STOCK SALE AGREEMENT

     THIS STOCK SALE AGREEMENT (this “ Agreement ”), dated as of August 19, 2009, is by and between AVASTRAUSA, INC., a Delaware corporation (“ Seller ”), AVASTRA SLEEP CENTRES LIMITED ABN 47 094 446 803 (“Parent”) and SDC HOLDINGS, LLC, an Oklahoma limited liability company (“ Buyer ”).

     A. Seller owns all of the issued and outstanding capital stock of somniTech, Inc., a Kansas corporation, and somniCare, Inc., a Kansas corporation (the “ Somni Stock ”).

     B. Seller owns all of the issued and outstanding capital stock of Avastra Eastern Sleep Centers, Inc., a New York corporation (the “ Eastern Stock ”).

     C. Seller desires to sell, and Buyer desires to purchase, the Somni Stock and the Eastern Stock on the terms set forth in this Agreement.

     In consideration of the premises, and the mutual representations, warranties, covenants and agreements hereinafter set forth, the parties agree as follows.

     1. Purchase and Sale

     On the terms and subject to the conditions set forth in this Agreement, Seller shall sell, assign, transfer, and deliver the Somni Stock and the Eastern Stock to Buyer free and clear of all liens and encumbrances.

     2.  Closing

          (a) The closing of the acquisition of the Somni Stock shall take place at the offices of McAfee & Taft A Professional Corporation at 211 N. Robinson, 10 th Floor, Two Leadership Square, Oklahoma City, Oklahoma 73102 (the “ Closing Location ”), at 10:00 a.m. CDT on August 24, 2009 or such other time and place as mutually agreed to by the parties.

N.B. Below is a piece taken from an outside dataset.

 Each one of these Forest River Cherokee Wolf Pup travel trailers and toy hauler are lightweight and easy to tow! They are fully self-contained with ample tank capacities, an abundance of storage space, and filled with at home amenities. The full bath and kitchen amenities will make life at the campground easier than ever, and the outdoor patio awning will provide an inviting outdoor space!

          (b) The closing of the sale of the Eastern Interests shall take place at the Closing Location at 10:00 a.m. CDT on September 30, 2009 or such other time and place as mutually agreed to by the parties.

     3.  Purchase Price

          (a) Somni Stock . The total consideration for the Somni Stock is US$6,000,000, payable by the Buyer as follows:

     (i) an amount represented by Buyer assuming liability from Parent for the earnout obligations of Parent under the Merger Agreement, dated May 4, 2007, pursuant to which Seller acquired the Somni Stock and in respect of which Buyer must make payment to Pamela R Gillis Revocable Trust before 5:00 p.m. CDT on August 24, 2009;

     (ii) an amount representing the accrued liability of Parent in respect of the convertible note obligations of Parent paid to an account nominated by Parent to be held of the benefit of note holders pending redemption of the notes by Parent; and

 


 

     (iii) an amount representing the remaining consideration after deduction the amounts paid under (i) and (ii) to be paid via electronic funds transfer or telegraphic transfer to or at the direction of Parent.

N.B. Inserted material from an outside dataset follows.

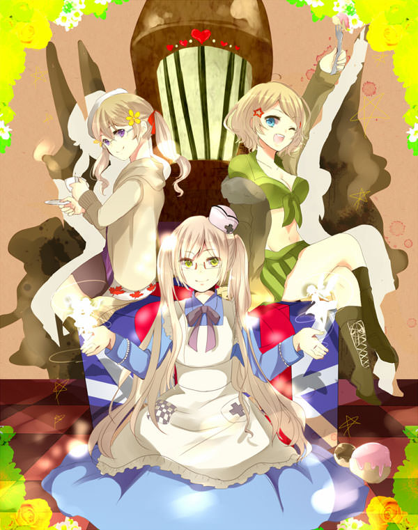Nyotalia refers to the genderbent versions of the canon Hetalia characters. Nyotalia is a fandom-made term, started by the Japanese fandom, from the words nyotaika (which refers to male-to-female genderbends) and Italia (or, rather, Hetalia). Fanmade versions of other characters can often be seen in the tag along with the “canon” ones. In some instances, they are depicted as the characters actually genderbent, though the intention is for them to be completely different incarnations.

     (b) Eastern Stock . The consideration for the Eastern Stock is payable by Buyer as follows:

     (i) an amount represented by Buyer assuming liability from Parent for the earnout obligations of Parent under the Asset Purchase Agreement dated October 10, 2007;

     (ii) US$1,000,000 in cash to be paid at the direction of Seller to Parent in four equal installments of US$250,000 at closing and on January 31, May 31 and September 30, 2010; and

     (iii) an amount of US$1,500,000 to be paid at the direction of Seller to Parent in the form of common stock of Graymark Healthcare, Inc. based on the average of the closing NASDAQ sale price for the common stock for the twenty (20) trading days prior to the closing on the Eastern Stock.